The speed difference between the two devices is to be expected considering the different processor and memory bus speeds. The “DC only” test is useful because it shows the relative speed of Huffman decoding. The file size is 4.3MB, so in 830 milliseconds the code was able to decode all of the MCUs and produce a single pixel from each one.

I’ve uploaded the sample image to my web server here: CIMG2209.JPG

The image was taken with a Casio EX-Z750 and depicts a relatively complex scene with many fine details. Like most cameras, the Elixim series saves JPEG images with 2:1 horizontal color subsampling (when set to maximum quality). It’s not unreasonable for a point-and-shoot camera like the Z750 to save images at a less than optimal compression because the image coming off the CCD isn’t that great to begin with. What irks me is that cameras like the Canon 20D do the same thing. With a good SLR lens and imager, the Canon should allow you to save full res color JPEG images.

Comments?

July 7, 2007 Posted by bitbank | arm, arm9, asm, assembly language, benchmark, jpeg, omap, optimization, performance, photo, pocket pc, smartphone, viewer, wince, xscale | | 4 Comments

Having fun with JPEG decompression

An odd title considering that JPEG is a cryptic image compression standard.  My idea of fun is optimizing code until there’s nothing left to improve.  I decided a few weeks ago to take the plunge and rewrite the 3 core JPEG decode routines to speed up my imaging code.  One reason was that the great majority of cell phones today are based around the TI OMAP architecture typically running at around 200Mhz.  These devices seem slow at working with images, so I thought I could help that situation by speeding things up to improve both battery usage and the user experience.

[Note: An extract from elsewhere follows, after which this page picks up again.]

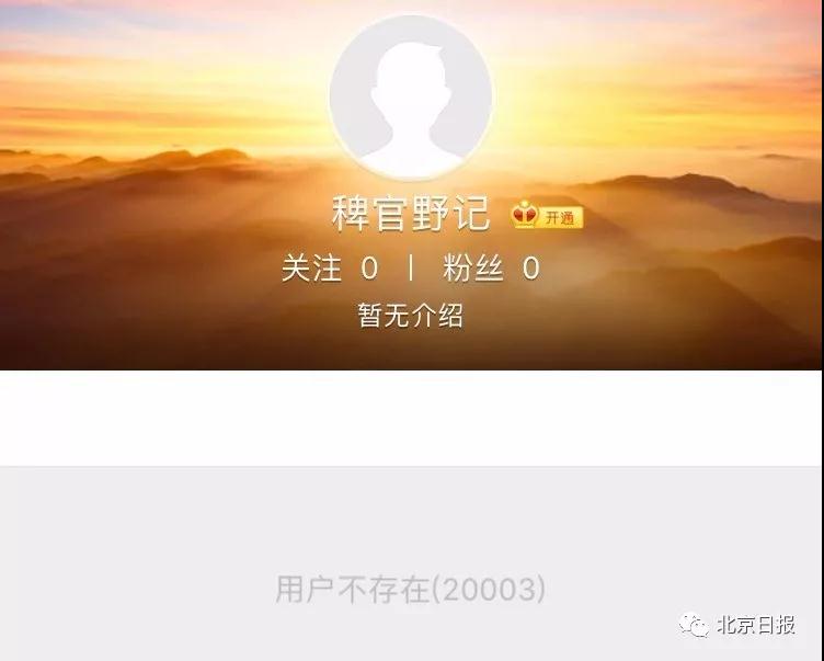 北京日報記者(ID:Beijing_Daily)注意到,目前@稗官野記 的賬號內容已被清空,微博搜索也查無此號。

The important, “inner loop” routines of JPEG image decoding are the Huffman decoding of the MCU (minimum coded unit), the IDCT (inverse discrete cosine transform), and the output stage (turning the YCrCb pixels into RGB pixels).  All 3 routines together turned out to be only a couple hundred lines of ARM code, but the result of rewriting it from C was quite dramatic.  The original C code has been optimized and tested over a long period of time and was in good shape to begin with, but C isn’t so great at bit manipulation and squeezing the most use out of register variables.  It took several iterations to get down to the bare minimum of code, but I’m quite happy with the results.  I used ARMV5 instructions, but made sure that the code performs well on both OMAP and XScale CPUs (unlike Intel’s integrated performance primitives).  Luckily my previous performance testing of the multiply instructions helped guide me to save a few clock cycles off of several routines.  The purpose of this work is threefold:
1) I’m readying a new version of my imaging application (PQV - Pocket QuickView) for Windows Mobile and need it to be competitive with other products.  I pride myself on having the fastest viewer available.
2) I have been staring at the C code for a long time and wondering how much better it could perform if written in optimized ARM asm.
3)  I believe this code has value to anyone doing imaging or video on ARM based devices.  Web browsers, image viewers, camera applications, video players can all benefit from this code.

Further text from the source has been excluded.